É por isso que os actuais funcionários do Pentágono estão a lutar para saber o que fazer se Trump emitir uma ordem ilegal para as tropas no ativo, como exigir que se desloquem ao país para reprimir protestos. Embora Trump esteja a planear remover o maior número possível de barreiras, as forças armadas são constituídas por mais de 2 milhões de membros do serviço militar, todos eles obrigados a defender a Constituição e a desobedecer a ordens ilegais.
Na semana passada, o Secretário da Defesa Lloyd Austin fez um declaração incisiva que as tropas deviam obedecer “a todas as ordens legais da sua cadeia de comando civil”.
É angustiante que Austin tenha de especificar que apenas as ordens legais devem ser obedecidas, mas isso faz parte do novo normal. Não há realmente nada que impeça Trump de emitir ordens ilegais ou inconstitucionais, dado que os conservadores do Supremo Tribunal lhe concederam ampla imunidade para qualquer coisa que possa ser considerada um dever oficial, e emissão de ordens para os militares é certamente abrangido por esta categoria.
No entanto, essa imunidade não se estende a ninguém, exceto ao Presidente, o que significa que, embora Trump não possa ter problemas por emitir uma ordem ilegal, os militares que executam essa ordem não gozam dessa proteção.
Não é apenas o Pentágono que está a tentar descobrir como se proteger da ilegalidade de um segundo mandato de Trump. Funcionários federais da saúde pública estão a tentar para obter fundos e concluir projectos antes que Trump permita que alguém como Robert F. Kennedy Jr. desmantele totalmente as protecções de saúde e corte o financiamento. É fundamental conseguir o máximo de dinheiro para os departamentos de saúde pública estaduais e locais antes que isso aconteça.

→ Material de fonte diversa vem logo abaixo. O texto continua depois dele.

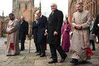 Frank-Walter Steinmeier’s pilgrimage commemorates the Nazi bombing of Coventry on the night of Nov. 14, 1940, which destroyed the 14th-century Gothic cathedral, leaving behind a roofless ruin that stands as a reminder of the ravages of war. At least 568 people were killed and more than half of Coventry’s homes were damaged or destroyed in what was the single most concentrated attack on a British city during the war.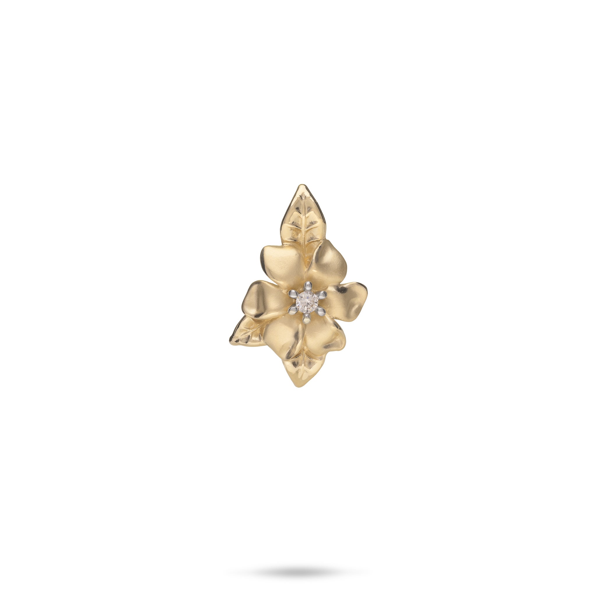 The Nāʻū Pendant is inspired by the charming Native Hawaiian Gardenia. The pendant features delicate petals with a soft flow in glistening satin-finished gold. Leaves frame the flower and hide the bail just along the top to accentuate its organic design. Just as the sweet fragrance of the Nāʻū brings a soft smile to your face, wear the Nāʻū to represent one bearing good news and the happiness that fills you.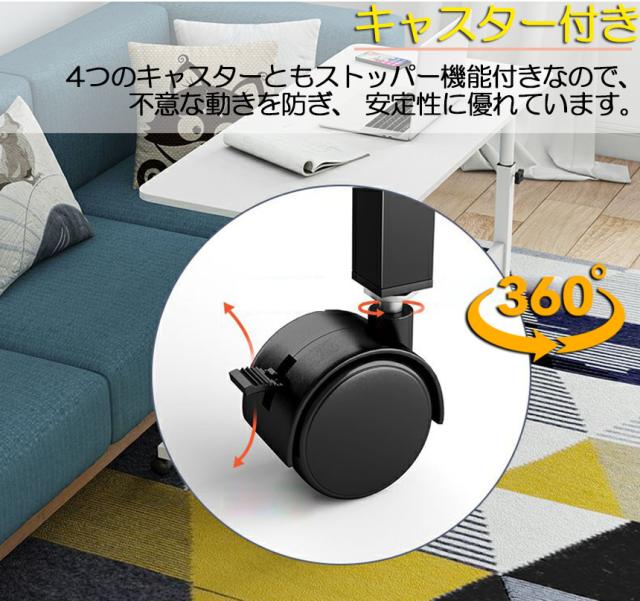 サイドテーブル スタンディングデスク オフィスデスク ベッド用テーブル パソコンデスク 昇降テーブル 天板 高さ調整 キャスター付き 安定性抜群 机 在宅勤務 ワークデスク PCデスク 簡易テーブル 小型テーブル 勉強机 日本語説明書付き

Governadores em estados azuis também estão a tentar para proteger as coisas de Trump o melhor que podem. Algumas dessas acções têm a ver com a proteção do acesso a coisas como o aborto e os direitos LGBTQ+, ambos visados por Trump.

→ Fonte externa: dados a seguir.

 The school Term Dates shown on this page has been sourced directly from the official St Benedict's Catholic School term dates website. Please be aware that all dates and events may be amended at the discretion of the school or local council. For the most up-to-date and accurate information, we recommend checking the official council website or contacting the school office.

Este tipo de acções não é novo nem surpreendente. Os estados azuis têm vindo a fazer um esforço concertado para proteger o acesso ao aborto desde o outono de Roe v. Wade e para criar refúgios seguros para pessoas trans.
Mas isso é mais sobre os estados azuis contrariando os esforços dos estados vermelhos, não tendo que resistir à vontade do governo federal ou do presidente. Com o regresso de Trump à Casa Branca, porém, os estados azuis enfrentam a possibilidade de serem privados de financiamento federal de rotina simplesmente porque Trump os odeia.
É por isso que a Califórnia está a considerar a possibilidade de criar mecanismos de financiamento do Estado para o auxílio em caso de catástrofes, como incêndios florestais e terramotos. Durante o seu primeiro mandato, Trump recusou ou restringiu severamente a ajuda em caso de catástrofe à Califórnia, a Washington e a Porto Rico porque esses locais têm uma tendência democrata.
Em contraste com o discurso do Presidente Joe Biden abordagem imparcial para garantir que mesmo os estados mais vermelhos recebessem financiamento imediato da FEMA após o furacão Helene, uma abordagem que a administração manteve mesmo quando Trump mentiu repetidamente sobre o facto de o dinheiro da catástrofe ter sido desviado para os migrantes.
Ou recordar que Trump queria condicionar os fundos da COVID aos Estados azuis ao facto de esses Estados concordarem com as suas posições políticas totalmente não relacionadas com coisas como a eliminação do imposto sobre as mais-valias.
Nada disto é normal. As instituições governamentais não deveriam ter de tomar medidas para se protegerem contra um novo Presidente. Trump nunca deveria ter sido autorizado a candidatar-se novamente e deveria ter enfrentado consequências pelas suas inúmeras formas de comportamento criminoso.
Mas uma vez que o Supremo Tribunal isolou Trump de quaisquer consequências, libertou-o para concorrer e libertou-o para ganhar. Agora, todos os outros têm de sofrer as consequências.